Prior to the season ending lumps, Oliver saw triumphs earlier in late June capturing the US National title in Eugene, OR. “Winning the American championships in the [110m] hurdles is incredibly difficult. We got the most talented athletes; you figure you run a time like 13.16 which was good enough to win the gold at the Worlds’ this year and you got fourth place at the Championships and didn’t even get to make it to the team,” informs the 2008 Olympian who knows repeating the task of making the US Team for London 2012 will be no easier. “We always have a great crop of guys since the dawn of time, going in there and competing in the hurdles, that hasn’t changed this year, won’t change next year or in the future. We always got the most talented hurdlers in the world as a country in the United States, it’s very hard to represent us in that event.”
Two former Team USA members, sprinters LeShawn Merritt and Justin Gatlin, who trains in Oliver’s camp in Orlando, FL, will have to wait for the ruling from the International Olympic Committee later this month as to their eligibility for the opportunity to represent the USA at the 2012 Summer Games as the British Olympic Association is currently seeking to have its lifetime ban for athletes convicted of doping upheld in court.
“Once you’ve done some sort of crime, and you’ve paid the punishment for it, I believe then you should have all the things lifted for your performances [and then] you should be able to go in there and represent,” states Oliver who “can understand both sides of the story and situation of course.
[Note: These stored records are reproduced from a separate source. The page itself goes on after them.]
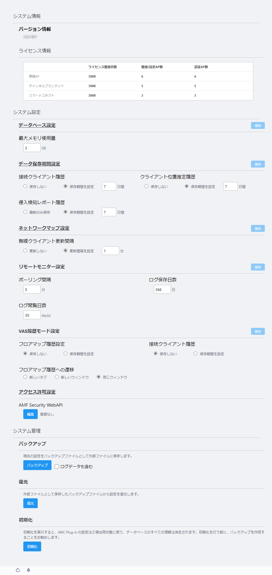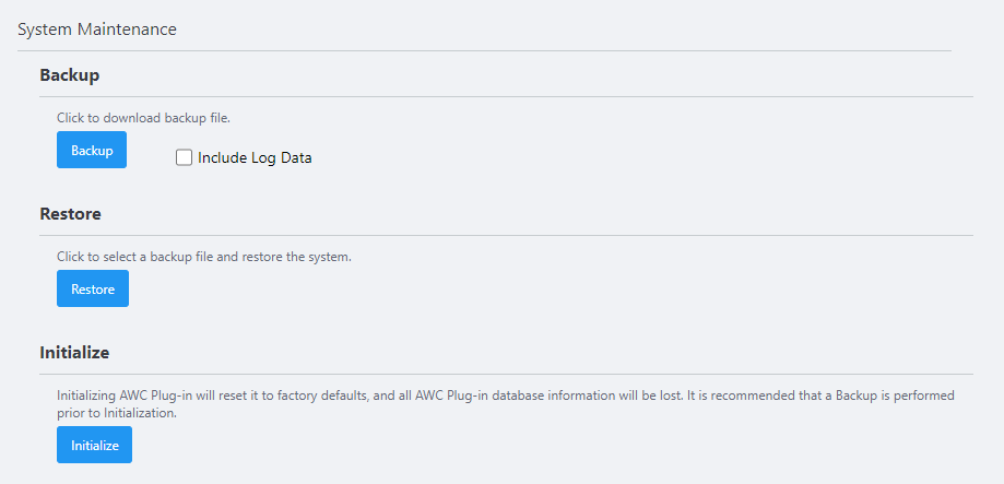The System Setting page lets you see the AWC Plug-in version, factory-reset the plug-in, and configure system settings.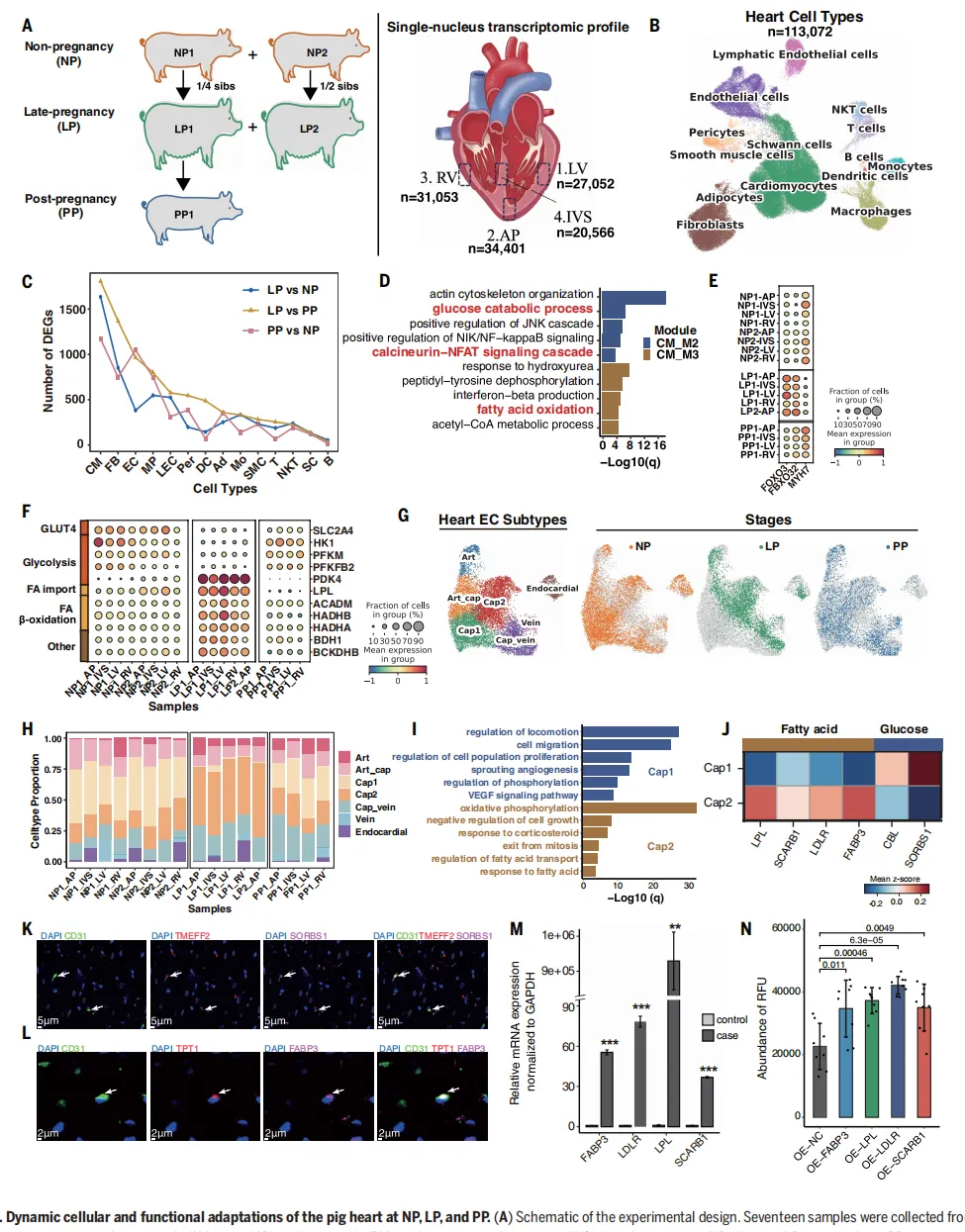 猪模型中的发现能否为人类健康提供参考?研究团队通过整合人类单细胞数据开展跨物种比较,结果令人振奋。数据分析显示,猪在妊娠期心脏中出现的Cap2细胞,与人类心脏中一种毛细血管亚型高度同源,两者均高表达脂肪酸转运相关基因【图7F, G】。同样,在胎儿生长受限中发挥关键作用的滋养层细胞与特定肌纤维亚型,在人类与猪之间也呈现高度的分子保守性【图7E】。这一发现为理解人类妊娠相关疾病提供了重要的参考依据。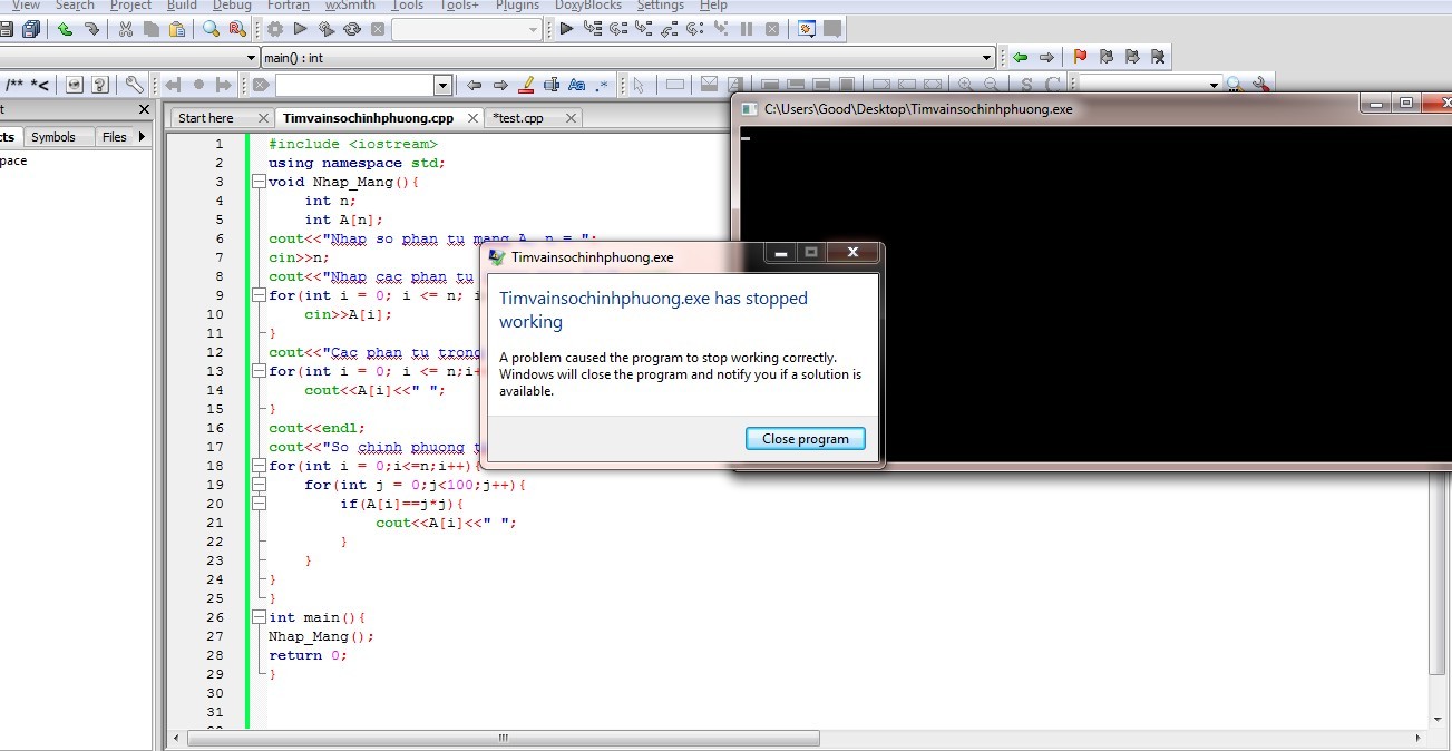 cout<<"So chinh phuong trong day"<<endl;

From a personal standpoint, I think that’s what holds track and field back. We keep dwelling on the same stuff from five, six, seven years ago, it’s unfortunate.”
Also holding back the sport is the lack of head-to-head meetings by the sport’s stars due to untimely injury and scheduling conflicts. “I was hoping that [Yohan Blake] and Usain [Bolt] would have locked-up in the 100 or the 200 at the closing event for the season but it didn’t happen,” a disappointed Oliver who considers himself as much a fan as a competitor in the sport. “I am definitely a fan of great race performances and watching the way [Blake] had ran. It was amazing… come next year in the 200 when you figure Tyson Gay will be back to his best, Wallace Spearmon will be back to his best. And you get, Bolt, [Walter] Dix and Blake in there, man those guys are going to be rolling out! ”
Of course, Oliver himself plans to “roll-out” to Eugene, OR for the 2012 USA Outdoor Championships in June once again for the opportunity to represent Team USA in the Games of the XXX Olympiad. “Next year I plan on doing everything to make sure every muscle is as strong as it needs to be to undertake the stress that I need for it to go out there and repeat the same kind of performances from 2010. And I most definitely plan on being on top of that podium in 2012.”